Jason McClary made a post noting that Chrysler was an assembler and there was not a Chrysler product left worth buying, my comments below.
Actually it was American Motors that mixed the parts. Dad bought my sister a pretty nice AMC Concord. Nice car with a 4.2 L straight six, a Ford carburetor and ignition sytem and interestingly the best auto tranny ever built, the Chrysler Torqueflight. (Ok so I aged myself with that one). Chrysler was somehow capable of some great engineering in engines, (the Beach Boys song shut down mentions the wedge combustion chambered 413) the hemi dates to the 1950s and the original Chrysler 300 and the Torqueflight was the best auto transmission easily capable of handling the 425 bhp hemi engine. Viper is made in very small numbers and has that expensive Lambo 10 cyl engine so the price i s high. Chrysler never got the bodies on the older cars right, lots of rattles and squeaks and the other stuff like power windows were somewhat problematic. American Motors never had the money to make the switch to front wheel drive as the Americans did in the 80s and so Chrysler bought it to get Jeep and junked the rest. Fail to innovate and you die. My personal favorite all time American Motors was the 1968 AMX two seater that never sold in any volume, what a shame.
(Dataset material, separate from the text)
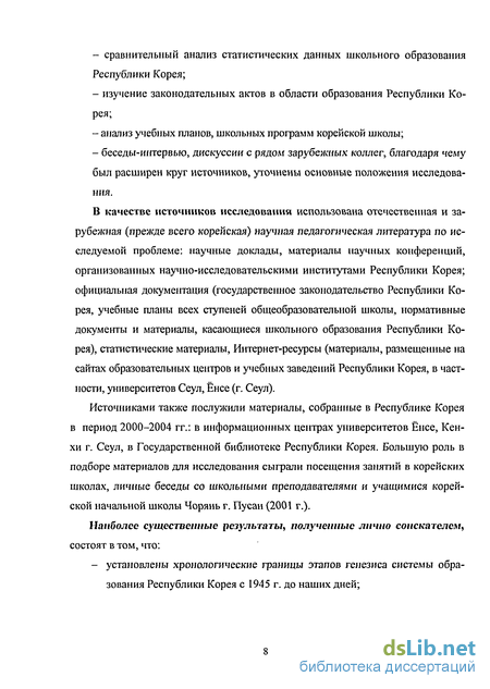 Работа написана с использованием историко-педагогического и сравнительного метода, при изучении трудов корейских и отечественных педагогов, российских и зарубежных кореистов, а также обобщающих трудов по различным проблемам мирового школьного образования.

It would have been interesting if a real company like BMW had bought Chrysler, straightened out the electric and body problems and then really given chevy and ford a run for it in the truck business.
How is it that Mercedes paid $36 B and now it is worth $0-14 B, I would say the lack of a devil’s advocate during the bargaining process, everyone in the room was just there to validate the forgone conclusion. Think how often that is true of meetings you have been in, no one to object, everyone there becomes a bobble head doll for the foregone conclusion.